Start of Block
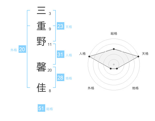 三重野 馨佳さんを姓名の画数から五運を鑑定
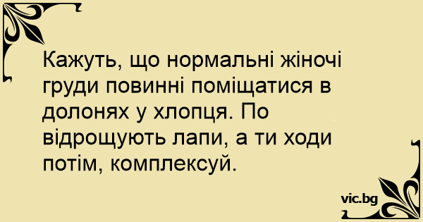 Кажуть, що нормальні жіночі груди повинні поміщатися в долонях у хлопця. По відрощують лапи, а ти ходи потім, комплексуй.
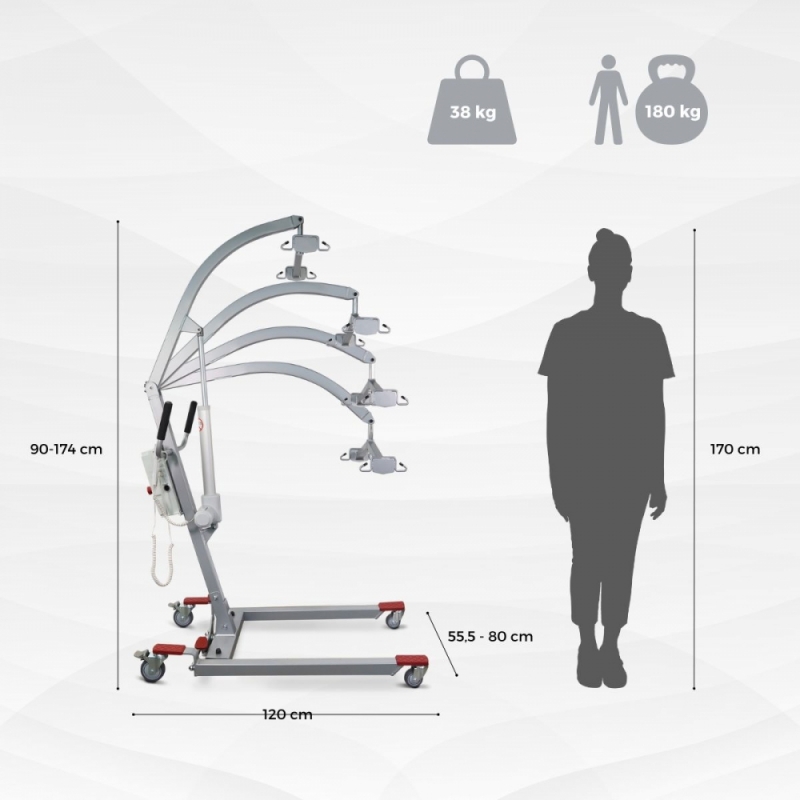 CAPACIDAD: Esta grúa ortopédica soporta un peso máximo de 180 kg. En cuanto a su distancia de elevación es de 90 a 174 cm. Además, su radio de giro es de 127 cm, mientras que el brazo rota unos 180º. Puede descender hasta una altura de unos 20-30 cm del suelo aproximadamente.
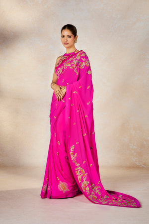 Description:Our iconic hot pink comes to life in a whimsical expression in The Dilli 6 saree. Inspired by the bustling cultural streets of purani Dilli, where expression and heritage is brewed, this saree is a manifestation of those very streets. Brimming with the Anar bagh jaal through the pallu in starry gold, and scattered with colorful threadwork and beadwork .
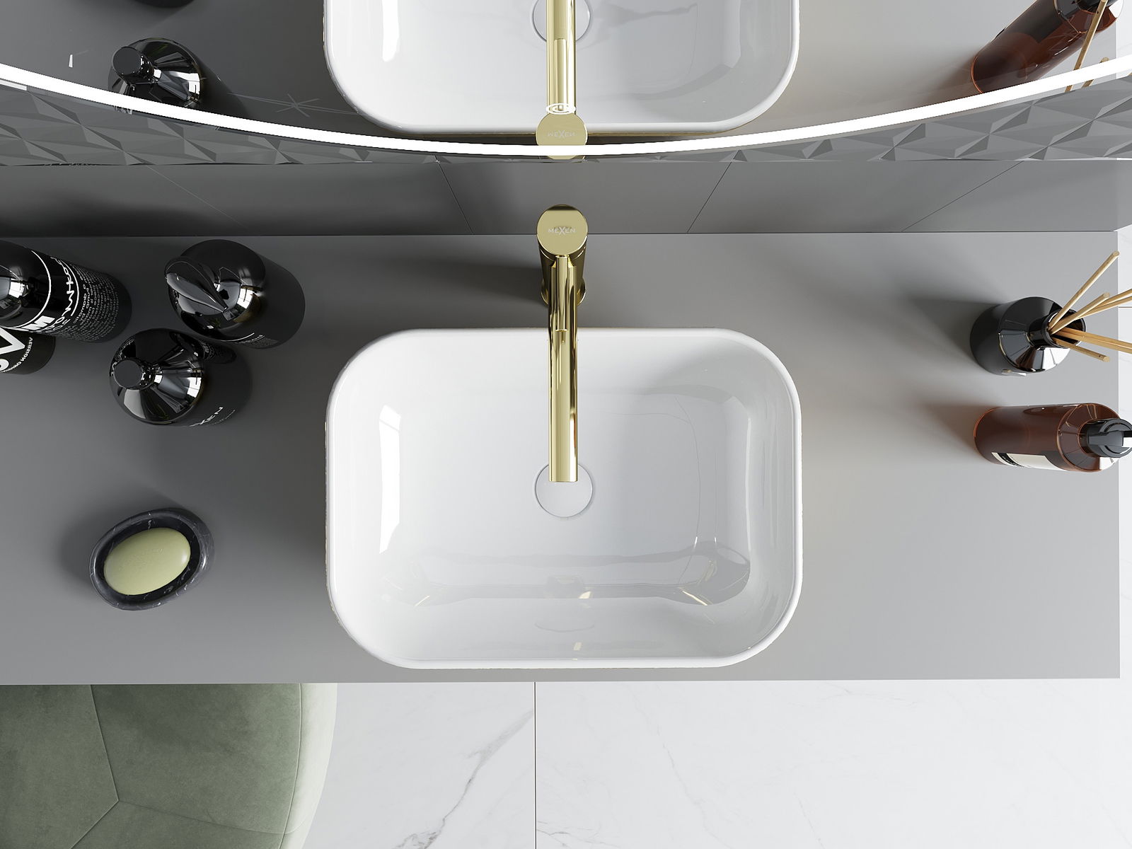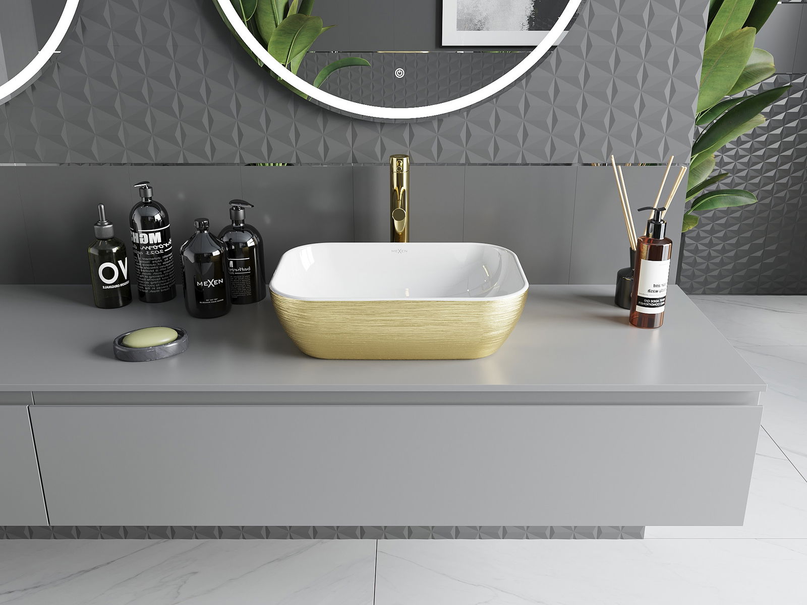 Mexen Rita мивка над плот 45 x 32 см, бяла/златни линии - 21084553
End of Block
TASK PROMPT: Return all the material exactly, skipping pictures.

WRITTEN RESPONSE:
 三重野 馨佳さんを姓名の画数から五運を鑑定
 Кажуть, що нормальні жіночі груди повинні поміщатися в долонях у хлопця. По відрощують лапи, а ти ходи потім, комплексуй.
 CAPACIDAD: Esta grúa ortopédica soporta un peso máximo de 180 kg. En cuanto a su distancia de elevación es de 90 a 174 cm. Además, su radio de giro es de 127 cm, mientras que el brazo rota unos 180º. Puede descender hasta una altura de unos 20-30 cm del suelo aproximadamente.
 Description:Our iconic hot pink comes to life in a whimsical expression in The Dilli 6 saree. Inspired by the bustling cultural streets of purani Dilli, where expression and heritage is brewed, this saree is a manifestation of those very streets. Brimming with the Anar bagh jaal through the pallu in starry gold, and scattered with colorful threadwork and beadwork .
 Mexen Rita мивка над плот 45 x 32 см, бяла/златни линии - 21084553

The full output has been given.